Она прошла до следующей остановки, потом еще до следующей, а там осталось рукой подать до поворота на улочку, где стоит ее старая школа и — чуть дальше, в тупичке, — чудесный одноэтажный особняк районной библиотеки. Говорили, его построил к свадьбе сына богатый зерноторговец, а того убили в первую же неделю медового месяца — из-за красавицы жены. Ни прозванья злодея, ни других подробностей преступления молва не сохранила, все могло быть не так романтично, но дом стоил предания.
Юля бывала там по субботам, после школы, и едва только всходила на широкое крыльцо, бралась за медную литую ручку двери, дом завладевал ею, она с волнением отдавалась власти его тишины, его вельможного покоя. Высокие резные двери вели из коридора в гостиную — читальный зал. Переступив порог, она невольно приостанавливалась: чем-то живым, неприкасаемо-нагим стлался под ногами узорчатый паркет. Напротив высоких окон гостиной, в углу, усекая его плоскостью, празднично сияла белизной и золотом изразцовая печь… Проем раскрытой двери рядом вел в уставленную стеллажами спальню, но был перегорожен тяжелым столом библиотекарши, над которым висела электрическая лампочка в старинном латунном патроне, с переключателем.

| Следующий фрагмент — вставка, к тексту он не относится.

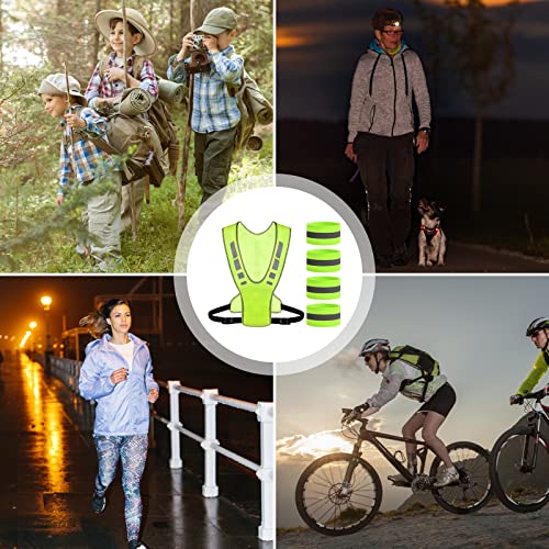 【Set di sicurezza riflettente compatto da 5 pezzi】: viene fornito con 1 giubbotto di sicurezza ad alta visibilità e 4 bande riflettenti. Facile da indossare e può essere utilizzato in qualsiasi momento. È un buon compagno per il ciclismo e la corsa.

Пожилая, снежно-седая, худенькая, с плоской костлявой спиной и большой, раскачивающейся при каждом движении грудью (такой большой и вытянутой, что в голову лезла чепуха, казалось, у нее там живые тельца, мягкие и беспомощные), библиотекарша благоволила к Юле, позволяла самой выбирать книги для чтения в зале — даже из дорогих, всегда запертых шкафов карельской березы, где драгоценными отложениями веков покоились фолианты в сафьяновых переплетах, с золотыми обрезами, с таинственно просвечивающими сквозь тончайшую бумагу красочными репродукциями. Высвободив из тесного ряда мраморно тяжелый том, она усаживалась в сумеречном уголке читальни и, листая страницы, чувствовала себя приобщаемой к сокровенным тайнам: за туманным флером рисовой бумаги вспыхивало завораживающее. Голова тяжелела от усилий познать содержание изображенного. Что в этом лице, этих жестах, позах?.. Что заставляет метаться обнаженные фигуры?.. Какая мудрость в изможденных лицах стариков? Что вообще в этих картинах — запечатленные блуждания на пути к простоте и ясности бытия или вечное в нем?.. Казалось, ей никогда не отыскать исходные значения в шифре древних образов, в клокочущем всеми страстями и всеми пороками библейском мире… Но если от этого мира можно было защитительно отгородиться неверием в него, то от родимых пророков некуда было деваться. Впервые прочитав (вернее, заполнив некую сиротливо зиявшую впадину в душе) лермонтовское «Я, матерь божия, ныне с молитвою…», Юля едва не расплакалась. Кто же она, та, за кого молил юноша-гений, у которого не нашлось защитников ни на земле, ни в небе?.. Чувствовала ли о н а прикосновение его сердца?..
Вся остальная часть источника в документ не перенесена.